Reaching for the moon

Wright State electrical engineering major Eric Harris uses lunar photography to capture the nightly dance of Earth’s closest neighbor

Eric Harris, a freshman electrical engineering major at Wright State, photographs the moon almost every night and plans to capture images of every full moon for the next 16 years. (Photo by Erin Pence)

Eric Harris, a freshman electrical engineering major at Wright State, photographs the moon almost every night and plans to capture images of every full moon for the next 16 years. (Photo by Erin Pence)

For a 9-year-old boy, it was a night to remember.

Sick with worry about his 11-year-old sister, who was seriously ill and being treated in the intensive care unit of a local hospital, Eric Harris happened to glance up at the night sky in his Milford, Ohio, neighborhood and saw something that would change his life.

The moon in reddish hues was rising and beginning to go into what would become a total lunar eclipse. For the next three hours, Harris was mesmerized.

“It was the most beautiful thing I had ever seen — amazing colors and shadings of the moon and shadow,” he recalled. “I’ve been trying to capture that scene again for years and years and years and still haven’t done it.”

That night of Feb. 20, 2008, ignited Harris’ passion for lunar photography. And today, the freshman electrical engineering student follows that passion at Wright State University and is working to start a college astronomy club.

Harris began taking photos of the moon in 2010, using a point-and-shoot camera he placed in the eyepiece of his telescope. But the quality wasn’t very good. So he later invested in a better telescope, a Bushnell optics scope that made his photographs much sharper.

“I took some of the greatest pictures I’ve ever taken two years after I took my first picture,” he said.

But his best series of photos were of the so-called “Blood Moon” — the total lunar eclipse of October 2014.

“I got to shoot a picture as the moon set behind the trees in full color,” he said. “And I got to take enough pictures so you could watch it go down as the terrain lit up.”

The photos currently hang in frames at the Harris family home in Milford, just east of Cincinnati.

Harris was attracted to Wright State because of its size. He felt it was a school where he would be noticed and not just be a number.

“And I came to Wright State looking for people who would be interested in what I do as a person,” he said.

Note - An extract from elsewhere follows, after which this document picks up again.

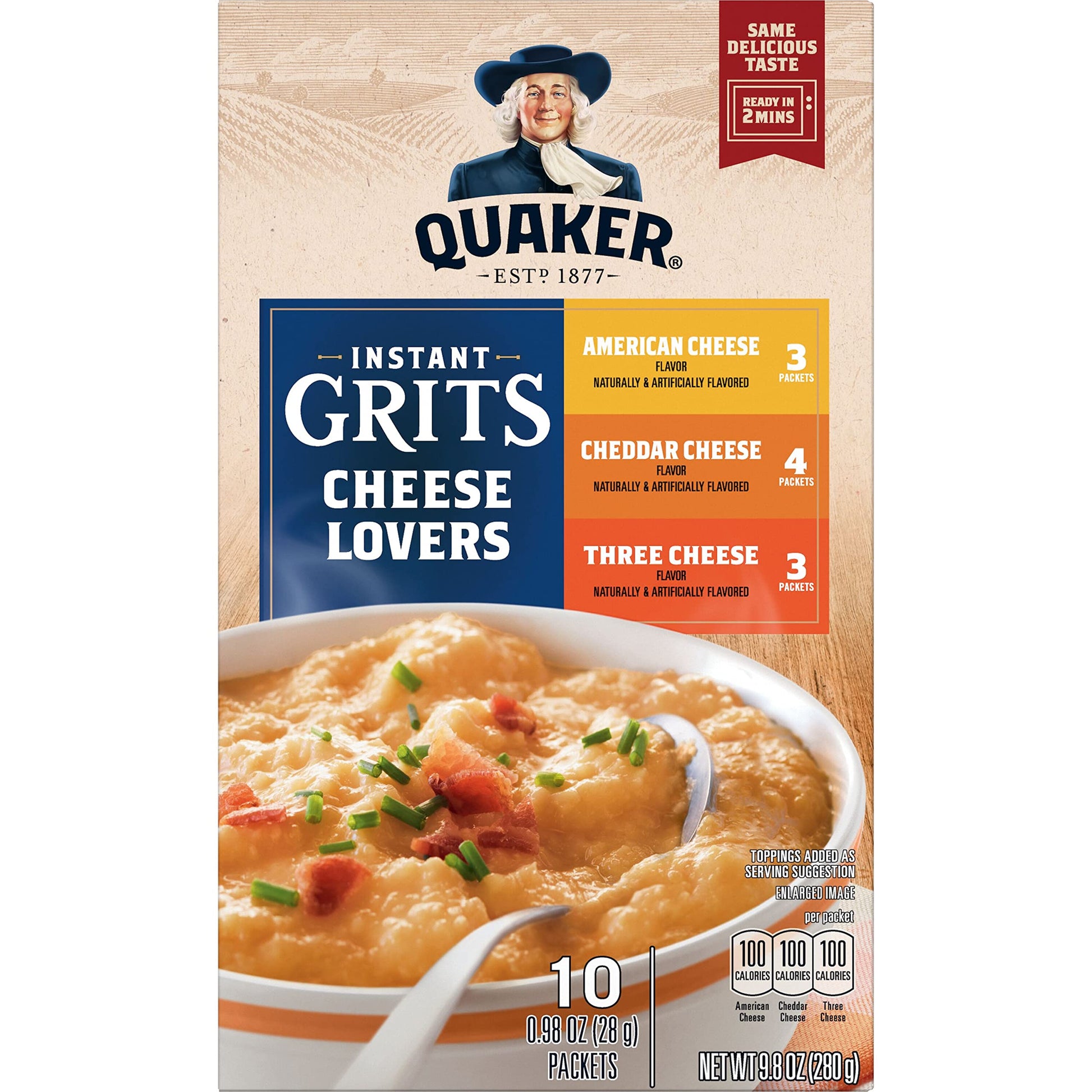 The savory combination of American, Cheddar and Three Cheese flavors makes Quaker Instant Grits the perfect addition to your favorite meal. Theyre delicious and ideal for your action-packed lifestyle-it only takes a minute to have them on the table.
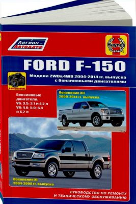Руководство по ремонту Ford F-150, книга по обслуживанию, инструкция по эксплуатации Форд Ф 150 2004-2014 г. выпуска (включая рестайлинговые модели), оборудованные бензиновыми двигателями рабочим объемом 3,5, 3,7, 4,2, 4,6, 5,0, 5,4, 6,2 литра. Ремонт узлов и агрегатов. Устройство, обслуживание, электросхемы.

Harris chose to major in electrical engineering because it will put him on a path to an aerospace career but also give him other options.

“In such a school as Wright State — we’re right next to an Air Force base — I think the best choice for me is an engineering major that can get me toward aerospace and get me toward space exploration,” he said.

Harris takes photos of the moon nearly every night just outside his Honors dorm. One of his goals is to “animate” the universe, revealing it in ways that can’t be perceived by the human eye.

“The cycle of phases of the moon is not something people see on a minute-to-minute basis. They see it on a day-to-day basis,” he said. “So what can I do to make this more visible to people? I take a picture every night that I can, string them together, and what you get is the moon waxing and waning in a beautiful cycle that repeats every single month.”

The photos of the moon on Harris’ laptop pulse in a hypnotic dance as he mouse clicks through its phases. He hopes to photograph the moon through its entire draconic cycle, which takes more than 18 years. So far, he has photographed the moon for 22 consecutive months.

“The moon is a spherical object, and it doesn’t quite always point the same part of itself towards Earth; it wobbles just a bit,” Harris said. “The cycle for the moon to go back the same way it was going before — or for two full moons to be the exact same — takes 18.6 years. So if I document every full moon for 18.6 years, I would have cataloged that. No person has ever taken a picture of the full moon every single time for 18 years.”

Harris’ enemy is cloud cover.

“The most challenging thing I can think of is to try to shoot a picture of the moon when they tell you there’s just going to be a small chance that clouds will clear out for an instant,” he said. “I’ll stay up for hours.”

Harris has studied astronomy atlases and follows social media groups and bloggers from around the world who produce images of the moon. His dream job following graduation would be with NASA’s high-flying observatory, which has an infrared telescope that enables astronomers to peer deep into the heart of the universe.

Conventional telescopes allow scientists to use visible light to see the night sky, but they can’t see everything because of cloud cover or distances. Infrared telescopes enable scientists to see through things and see greater distances. And by flying at between 39,000 and 45,000 feet, the telescope is above the water vapor in the atmosphere and can see even farther.

“I want to do something that puts a telescope high enough to be able to see many more things than we could on the ground, but still good enough for the average person to be able to see,” Harris said.